The Institute for Economics and Peace (IEP),[1] chaired by technology entrepreneur Steve Killelea founder of Integrated Research,[2] is a global think tank headquartered in Sydney, Australia with branches in New York, Mexico City and Oxford. IEP is dedicated to shifting the world's focus to peace as a positive, achievable, and tangible measure of human well-being and progress. It achieves its goals by developing new conceptual frameworks to define peacefulness, providing metrics for measurement, uncovering the relationship between peace, business, and prosperity, and by promoting a better understanding of the cultural, economic, and political factors that drive peacefulness. IEP works in partnership with a number of think tanks, NGOs and academic institutions including the Aspen Institute,[3] Economists for Peace and Security [4] the United Nations Global Compact, Center for Strategic and International Studies and Cranfield University. It also collaborates with intergovernmental organizations such as the Organisation for Economic Co-operation and Development, the Commonwealth Secretariat, UNDP and UN Peacebuilding Support Office.

The Global Go To Think Tank Index, produced by the University of Pennsylvania, listed the Institute for Economics and Peace as a Think Tank to Watch, one of the top 15 Think Tanks with a Budget under $5 Million, and as an institution with a leading collaboration.[5]

In 2013, Steve Killelea’s founding of IEP was recognized as one of the 50 most impactful philanthropic gifts in Australia’s history by a coalition including the Myer Family Company, The Myer Foundation and Sidney Myer Fund, Pro Bono Australia, Swinburne University and Philanthropy Australia.[6]

Global Peace Index[edit]

The core asset of the IEP is the Global Peace Index (GPI), which is now considered the benchmark study in measuring peace.[7][8] The GPI has been recognized by leading analysts and institutions, and has been incorporated into reports such as the Stockholm International Peace Research Institute's Year Book (2009, 2010, 2011, 2012, and 2014),[9] and was analyzed by the World Bank's World Development Report 2011 team.[10] The data for the Global Peace Index is collected and collated partly by the Economist Intelligence Unit (EIU),[11] the research and analysis arm of the Economist Group, and the methodology is informed and reviewed by an international panel of peace and statistics experts.[12] The GPI is released annually with presentations in London, Washington, D.C. and at the United Nations headquarters in New York and Geneva.

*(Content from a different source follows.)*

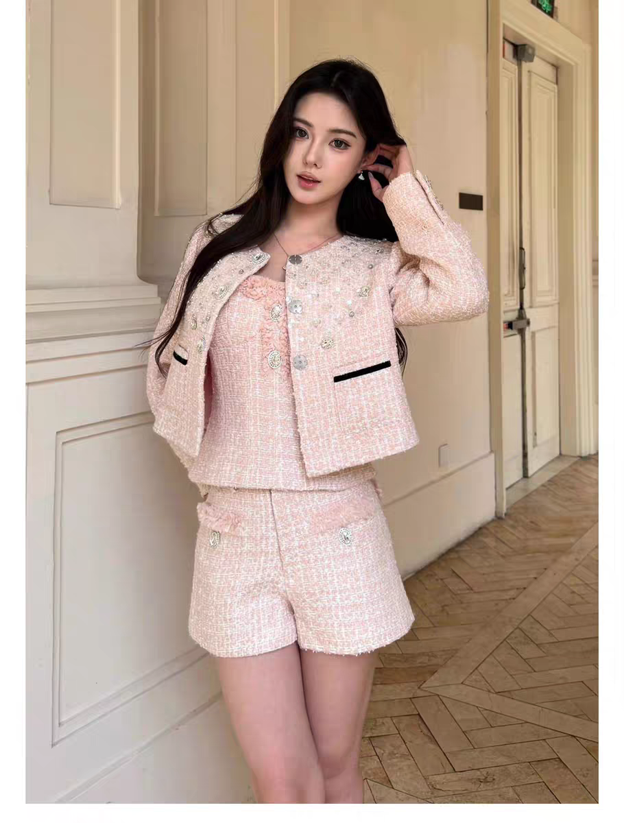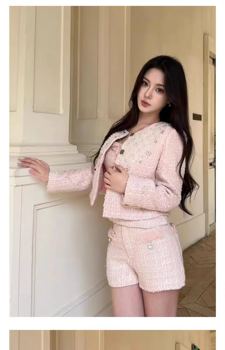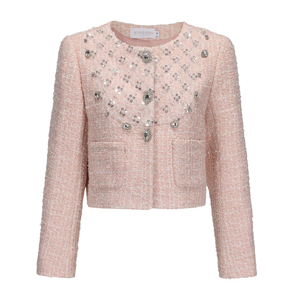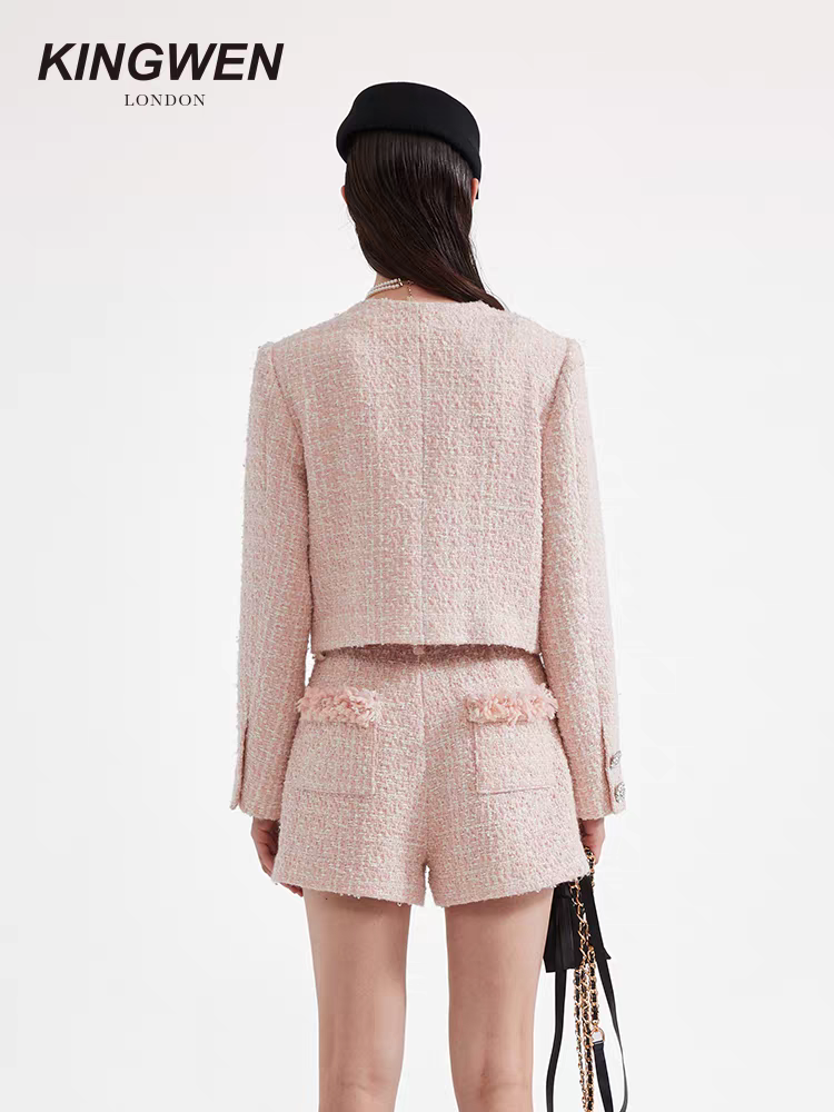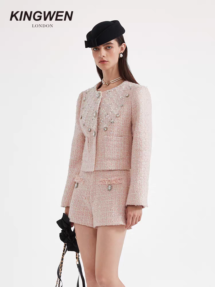 KINGWEN 2510 编织网纱珠钻外套+编织拼接短裤

In 2009, the events took place at Central Hall Westminster in London[13] and the Center for Strategic and International Studies[14] in Washington D.C. In addition, the GPI was the empirical basis for the Symposium of Peaceful Nations, a 3-day conference hosted in November 2009 to honor the most peaceful countries in each of nine regions of the world[15] at which Helen Clark, UNDP Administrator, delivered the keynote address.[16] The GPI is used by various international organizations, such as the UN and World Bank. The 9th annual Global Peace Index launched in 2015 includes 162 countries in the world, and the interactive map on the website explains the rankings.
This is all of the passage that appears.